Just as different group experimental designs seek to reduce different sources of bias, so do different single-case experimental designs. There are two different classes of SCED: AB designs and multiple baseline designs. Broadly speaking, these two classes of SCED correspond to repeated measures and independent groups designs in traditional group experimental designs (Newell & Burnard 2006). As we noted earlier in this chapter, SCEDs attempt to establish good internal validity. Their various designs represent different ways of dealing with threats to that internal validity. For the rest of this section, we will follow the patient with multiple sclerosis through a number of different design approaches which address threats to external validity while remaining flexible in response to her individual needs and allowing the nurse to try different interventions to meet these. The actual scores, however, are for illustrative purposes only, and should not be taken as endorsements of any particular treatment approach.
Case example: pain and fatigue in multiple sclerosis – 1: The AB design and its variants
In all AB designs, the A phase represents baseline measurement (a period of no intervention), whilst the B phase represents the introduction of an intervention.
The AB design
In this approach, the simplest way of systematically examining treatment outcomes, a period of baseline measurement is followed by introduction of the treatment, and is really little different from what goes on in clinical practice. We observe patient problems and respond. The crucial distinction, from a research point of view, is that both the observation and the response are quantified. As we can see from Figure 19.1, the patient has measured her perception of pain on a regular basis, both before the introduction of relaxation exercises and during a period when these exercises have been practised on a regular basis. From the graphs, we infer that improvement has occurred.
Figure 19.1 |
The ABA design
Tempting as it is to infer improvement from the graph in Figure 19.1, this inference is oversimple, since the AB design, like the before–after design in group experimental designs, is vulnerable to maturation effects (physical or psychological changes as a result of time) and extraneous environmental effects over time. These effects confound our ability to attribute causation to the independent variable in both SCEDs and repeated measures group designs, and have led in the past to inflated estimates of treatment effectiveness. In the case of the multiple sclerosis patient, the improvement in pain might have been caused by a change in medication or the fact that multiple sclerosis is variable in its course, rather than as a result of relaxation exercises. However, it is relatively simple to test these propositions by the introduction of a further A phase – a return to baseline, during which relaxation is not practised (Fig. 19.2). One shortcoming here is that, for some interventions, return to baseline is not possible. For example, if we offer information, it is, by and large, not possible to ask a person to forget consciously that information.
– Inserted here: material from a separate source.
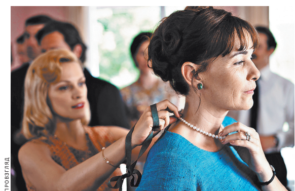
Кадр из фильма «Материнский инстинкт». Оливье Массе-Депасс умудрился снять триллер, где движущая сила — только женщины.

Потом один из малышей — Максим — погибнет. И обе женщины будут мучиться чувством вины, тем более болезненным, чем в нелепой случайности никто не виноват. И начнется подобие слияния парной, обуреваемой попеременно то одну, то другую героиню. Она, как нам кажется, вне логики и трезвых расчетов. Идут парадоксальные обмены ролями (сын теряет отца, а в безумие впадает другая), игра смутных подозрений, незримое фехтование (в оригинале фильм называется «Дуэли»), и мы до самого конца не будем знать, кому больше сочувствовать и кого больше опасаться. Надо сказать, перед нами довольно

However, if an intervention requires continuing input (as is often the case in long-term illness, for example), then a return to baseline is a powerful way of increasing our confidence in the internal validity of the study.
Figure 19.2 |
The ABAB design
In the above example, the patient’s improvement has not been maintained following return to baseline. It is sometimes argued that it is unethical to use return to baseline for this reason, but this argument is difficult to sustain, since it is important that clinicians know whether a treatment is in fact the cause of changes in the patient’s status. If it is not, and the patient continues to undertake the intervention, that is a waste of their time and effort, and therefore is itself unethical. However, if the patient does not maintain gains during the return to baseline, this is evidence for the effectiveness of the intervention, and it would, in this case, be unethical to leave the patient at the return to baseline phase. In SCEDs, the design modification reflects what we would probably do in clinical practice – we reintroduce the treatment phase, resulting in an ABAB design (Fig. 19.3).